I mean honestly. You can’t make this stuff up.

But, now that I’ve pointed this all out, can it be that this is the “secret” plan? Can it be that this only appears to be stupidity? Is it, in fact, orchestrated? Just think. If the environmentalist perverts get their way, and can continue to substantiate any and all claims that there should be no hunting or trapping of any wild dogs (to protect wolves – wink, wink), because “going forward, hunters need to know the difference,” but it’s impossible to do that. So, then what? I think I already answered that.

But, don’t go look!

Press Release from the Iowa Department of Natural Resources:

Test results conclusively identified two large canines shot this winter in Osceola County and Van Buren County as wolves, likely originating from the Great Lakes population in Michigan, Minnesota and Wisconsin. The samples were tested at the University of California-Davis.

Investigation into both shootings was conducted and no charges will be filed in either case.

“We understand this is a sensitive topic and that our decision not to charge will be unpopular with some, but in these two incidents, based on the results of our investigation we feel it is the right course of action,” said Chuck Gipp, director of the Iowa Department of Natural Resources.

The wolves will be used for education outreach at the local county conservation boards.

Gray wolves are listed as endangered under endangered species laws at both state and federal level and there is no open season in Iowa. Iowa has seen a recent increase in the number of wolves moving in from established populations in the Great Lakes region, so hunters need to be aware of the possibility that what they are looking at may not be a coyote.

“Going forward, hunters need to know the difference between the species,” said Gipp. “On our end, we will provide additional wolf-coyote identification tools on our website and in our publications. We know hunters want to do the right thing and we want to help them.”

The DNR is asking anyone who encounters a wolf to contact their local conservation officer or wildlife biologist.

Coyotes and wolves share many similar characteristics including coloring, but there are features where they differ.

Wolves are 5-6 feet long from nose to tail, 27-33 inches at the shoulder and weigh 50-100 pounds.

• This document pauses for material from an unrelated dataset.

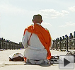 26日,在吉林省長春市偽滿皇宮博物院抗日英烈廳內,一位身穿黃色僧袍、手持“太鼓”的日本僧人向廳內的“抗日英烈塔”深深鞠躬,為當年侵華日軍的罪行謝罪。(記者王艷秋 實習記者 畢強長春報道)
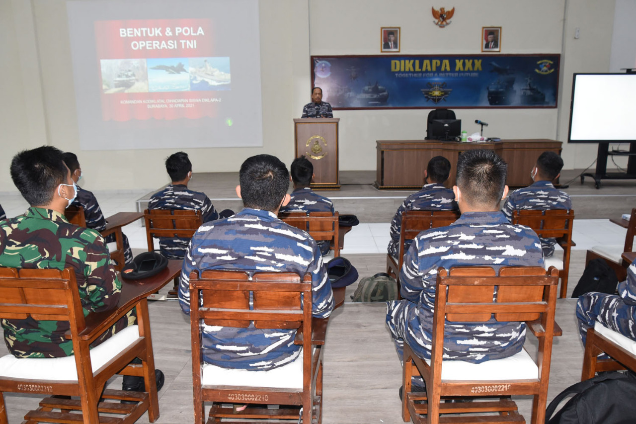 Pembekalan kepada Siswa Diklapa Angkatan XXX tersebut merupakan salah satu implementasi Perintah Harian Kepala Staf Angkatan Laut (Kasal) Laksamana TNI Yudo Margono, S.E., M.M yaitu pembangunan Sumber Daya Manusia (SDM) TNI Angkatan Laut yang unggul, profesional dan tangguh dalam rangka menghadapi segala ancaman.

Coyotes are 3 1/2 to 4 1/2 feet long, 20-22 inches at the shoulder and weigh 35-40 pounds.

Coyote hunting season is open all year long, but participation is often highest in January and February especially after January 10 when other hunting seasons close. The number of coyotes harvested in 2013-14 was an all time record high of 15,347. The second highest total was in 2014-15 with 13,911. The current season is expected to be similar. Hunting and trapping are about the only tools to provide some level of population management for coyotes.

The DNR is reviewing how it handles reported sightings for wolves and other occasional visitors internally as the number of these visitors is increasing.